All entries below are to be returned in full, exactly as they stand.

Extracted data below:

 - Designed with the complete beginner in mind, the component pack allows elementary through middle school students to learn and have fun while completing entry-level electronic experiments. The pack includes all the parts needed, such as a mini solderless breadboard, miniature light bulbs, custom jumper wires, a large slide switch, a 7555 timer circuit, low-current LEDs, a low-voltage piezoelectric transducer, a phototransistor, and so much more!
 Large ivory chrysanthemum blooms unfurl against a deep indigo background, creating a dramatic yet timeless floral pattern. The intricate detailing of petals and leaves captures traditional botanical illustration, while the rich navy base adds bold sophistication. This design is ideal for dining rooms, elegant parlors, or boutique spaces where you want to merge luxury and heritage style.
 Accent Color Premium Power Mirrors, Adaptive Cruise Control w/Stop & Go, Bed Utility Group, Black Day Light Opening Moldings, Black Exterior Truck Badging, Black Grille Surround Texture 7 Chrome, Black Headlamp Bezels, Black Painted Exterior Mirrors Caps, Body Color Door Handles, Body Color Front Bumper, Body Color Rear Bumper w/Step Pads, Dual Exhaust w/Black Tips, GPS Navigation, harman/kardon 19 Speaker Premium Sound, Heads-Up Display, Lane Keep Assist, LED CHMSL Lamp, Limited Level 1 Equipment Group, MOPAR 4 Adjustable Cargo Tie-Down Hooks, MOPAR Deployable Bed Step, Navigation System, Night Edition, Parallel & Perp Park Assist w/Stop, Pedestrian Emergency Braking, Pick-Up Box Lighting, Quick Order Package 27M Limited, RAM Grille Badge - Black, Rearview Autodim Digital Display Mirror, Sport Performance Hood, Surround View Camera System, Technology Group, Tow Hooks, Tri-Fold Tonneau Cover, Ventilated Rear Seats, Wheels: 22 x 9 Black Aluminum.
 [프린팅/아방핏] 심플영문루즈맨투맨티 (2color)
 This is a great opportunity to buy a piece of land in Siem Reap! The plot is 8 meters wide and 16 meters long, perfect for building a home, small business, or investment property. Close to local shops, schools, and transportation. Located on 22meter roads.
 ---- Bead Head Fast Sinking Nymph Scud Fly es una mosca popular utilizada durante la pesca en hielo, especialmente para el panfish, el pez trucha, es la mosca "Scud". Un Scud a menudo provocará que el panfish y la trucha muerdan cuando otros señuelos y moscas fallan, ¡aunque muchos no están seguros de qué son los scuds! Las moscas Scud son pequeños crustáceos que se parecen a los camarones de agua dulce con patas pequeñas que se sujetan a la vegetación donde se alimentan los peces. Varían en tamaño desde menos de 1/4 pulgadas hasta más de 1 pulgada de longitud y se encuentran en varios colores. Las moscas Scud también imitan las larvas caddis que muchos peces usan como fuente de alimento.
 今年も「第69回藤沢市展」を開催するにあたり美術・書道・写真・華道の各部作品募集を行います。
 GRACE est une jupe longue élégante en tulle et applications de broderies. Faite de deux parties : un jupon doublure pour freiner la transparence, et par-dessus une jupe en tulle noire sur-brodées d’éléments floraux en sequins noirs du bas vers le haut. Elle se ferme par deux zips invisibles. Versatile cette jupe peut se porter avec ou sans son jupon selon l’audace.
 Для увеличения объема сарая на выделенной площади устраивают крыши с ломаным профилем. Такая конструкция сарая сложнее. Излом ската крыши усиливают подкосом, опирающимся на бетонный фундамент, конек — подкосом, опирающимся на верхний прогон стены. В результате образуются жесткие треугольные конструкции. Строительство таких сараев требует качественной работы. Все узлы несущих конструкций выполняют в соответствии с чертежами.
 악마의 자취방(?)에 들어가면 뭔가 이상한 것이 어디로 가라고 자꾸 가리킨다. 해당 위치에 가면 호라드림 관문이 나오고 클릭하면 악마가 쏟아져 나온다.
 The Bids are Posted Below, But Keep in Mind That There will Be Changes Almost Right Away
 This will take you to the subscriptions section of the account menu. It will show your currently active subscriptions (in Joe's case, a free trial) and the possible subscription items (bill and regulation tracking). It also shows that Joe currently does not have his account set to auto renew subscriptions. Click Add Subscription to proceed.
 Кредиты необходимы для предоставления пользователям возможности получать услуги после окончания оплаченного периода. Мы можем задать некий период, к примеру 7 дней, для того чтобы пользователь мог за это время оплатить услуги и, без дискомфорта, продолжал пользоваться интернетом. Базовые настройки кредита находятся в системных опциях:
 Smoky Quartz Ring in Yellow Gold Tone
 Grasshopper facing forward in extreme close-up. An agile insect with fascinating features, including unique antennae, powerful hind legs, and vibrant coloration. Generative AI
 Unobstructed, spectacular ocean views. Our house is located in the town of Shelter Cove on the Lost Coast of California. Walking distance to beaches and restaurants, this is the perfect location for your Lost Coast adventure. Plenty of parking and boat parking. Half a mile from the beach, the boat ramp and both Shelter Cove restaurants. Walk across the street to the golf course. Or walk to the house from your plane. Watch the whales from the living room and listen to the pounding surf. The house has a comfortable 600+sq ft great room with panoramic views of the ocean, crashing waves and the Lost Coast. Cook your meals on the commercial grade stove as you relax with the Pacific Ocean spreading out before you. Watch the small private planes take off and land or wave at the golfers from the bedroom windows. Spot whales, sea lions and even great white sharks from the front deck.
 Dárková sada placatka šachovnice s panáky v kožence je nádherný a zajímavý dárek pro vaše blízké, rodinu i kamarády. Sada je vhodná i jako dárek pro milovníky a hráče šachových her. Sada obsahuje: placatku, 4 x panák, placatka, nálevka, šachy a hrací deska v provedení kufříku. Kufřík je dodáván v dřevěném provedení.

End of Extracted data.

#### Problem solution:
 - Designed with the complete beginner in mind, the component pack allows elementary through middle school students to learn and have fun while completing entry-level electronic experiments. The pack includes all the parts needed, such as a mini solderless breadboard, miniature light bulbs, custom jumper wires, a large slide switch, a 7555 timer circuit, low-current LEDs, a low-voltage piezoelectric transducer, a phototransistor, and so much more!
 Large ivory chrysanthemum blooms unfurl against a deep indigo background, creating a dramatic yet timeless floral pattern. The intricate detailing of petals and leaves captures traditional botanical illustration, while the rich navy base adds bold sophistication. This design is ideal for dining rooms, elegant parlors, or boutique spaces where you want to merge luxury and heritage style.
 Accent Color Premium Power Mirrors, Adaptive Cruise Control w/Stop & Go, Bed Utility Group, Black Day Light Opening Moldings, Black Exterior Truck Badging, Black Grille Surround Texture 7 Chrome, Black Headlamp Bezels, Black Painted Exterior Mirrors Caps, Body Color Door Handles, Body Color Front Bumper, Body Color Rear Bumper w/Step Pads, Dual Exhaust w/Black Tips, GPS Navigation, harman/kardon 19 Speaker Premium Sound, Heads-Up Display, Lane Keep Assist, LED CHMSL Lamp, Limited Level 1 Equipment Group, MOPAR 4 Adjustable Cargo Tie-Down Hooks, MOPAR Deployable Bed Step, Navigation System, Night Edition, Parallel & Perp Park Assist w/Stop, Pedestrian Emergency Braking, Pick-Up Box Lighting, Quick Order Package 27M Limited, RAM Grille Badge - Black, Rearview Autodim Digital Display Mirror, Sport Performance Hood, Surround View Camera System, Technology Group, Tow Hooks, Tri-Fold Tonneau Cover, Ventilated Rear Seats, Wheels: 22 x 9 Black Aluminum.
 [프린팅/아방핏] 심플영문루즈맨투맨티 (2color)
 This is a great opportunity to buy a piece of land in Siem Reap! The plot is 8 meters wide and 16 meters long, perfect for building a home, small business, or investment property. Close to local shops, schools, and transportation. Located on 22meter roads.
 ---- Bead Head Fast Sinking Nymph Scud Fly es una mosca popular utilizada durante la pesca en hielo, especialmente para el panfish, el pez trucha, es la mosca "Scud". Un Scud a menudo provocará que el panfish y la trucha muerdan cuando otros señuelos y moscas fallan, ¡aunque muchos no están seguros de qué son los scuds! Las moscas Scud son pequeños crustáceos que se parecen a los camarones de agua dulce con patas pequeñas que se sujetan a la vegetación donde se alimentan los peces. Varían en tamaño desde menos de 1/4 pulgadas hasta más de 1 pulgada de longitud y se encuentran en varios colores. Las moscas Scud también imitan las larvas caddis que muchos peces usan como fuente de alimento.
 今年も「第69回藤沢市展」を開催するにあたり美術・書道・写真・華道の各部作品募集を行います。
 GRACE est une jupe longue élégante en tulle et applications de broderies. Faite de deux parties : un jupon doublure pour freiner la transparence, et par-dessus une jupe en tulle noire sur-brodées d’éléments floraux en sequins noirs du bas vers le haut. Elle se ferme par deux zips invisibles. Versatile cette jupe peut se porter avec ou sans son jupon selon l’audace.
 Для увеличения объема сарая на выделенной площади устраивают крыши с ломаным профилем. Такая конструкция сарая сложнее. Излом ската крыши усиливают подкосом, опирающимся на бетонный фундамент, конек — подкосом, опирающимся на верхний прогон стены. В результате образуются жесткие треугольные конструкции. Строительство таких сараев требует качественной работы. Все узлы несущих конструкций выполняют в соответствии с чертежами.
 악마의 자취방(?)에 들어가면 뭔가 이상한 것이 어디로 가라고 자꾸 가리킨다. 해당 위치에 가면 호라드림 관문이 나오고 클릭하면 악마가 쏟아져 나온다.
 The Bids are Posted Below, But Keep in Mind That There will Be Changes Almost Right Away
 This will take you to the subscriptions section of the account menu. It will show your currently active subscriptions (in Joe's case, a free trial) and the possible subscription items (bill and regulation tracking). It also shows that Joe currently does not have his account set to auto renew subscriptions. Click Add Subscription to proceed.
 Кредиты необходимы для предоставления пользователям возможности получать услуги после окончания оплаченного периода. Мы можем задать некий период, к примеру 7 дней, для того чтобы пользователь мог за это время оплатить услуги и, без дискомфорта, продолжал пользоваться интернетом. Базовые настройки кредита находятся в системных опциях:
 Smoky Quartz Ring in Yellow Gold Tone
 Grasshopper facing forward in extreme close-up. An agile insect with fascinating features, including unique antennae, powerful hind legs, and vibrant coloration. Generative AI
 Unobstructed, spectacular ocean views. Our house is located in the town of Shelter Cove on the Lost Coast of California. Walking distance to beaches and restaurants, this is the perfect location for your Lost Coast adventure. Plenty of parking and boat parking. Half a mile from the beach, the boat ramp and both Shelter Cove restaurants. Walk across the street to the golf course. Or walk to the house from your plane. Watch the whales from the living room and listen to the pounding surf. The house has a comfortable 600+sq ft great room with panoramic views of the ocean, crashing waves and the Lost Coast. Cook your meals on the commercial grade stove as you relax with the Pacific Ocean spreading out before you. Watch the small private planes take off and land or wave at the golfers from the bedroom windows. Spot whales, sea lions and even great white sharks from the front deck.
 Dárková sada placatka šachovnice s panáky v kožence je nádherný a zajímavý dárek pro vaše blízké, rodinu i kamarády. Sada je vhodná i jako dárek pro milovníky a hráče šachových her. Sada obsahuje: placatku, 4 x panák, placatka, nálevka, šachy a hrací deska v provedení kufříku. Kufřík je dodáván v dřevěném provedení.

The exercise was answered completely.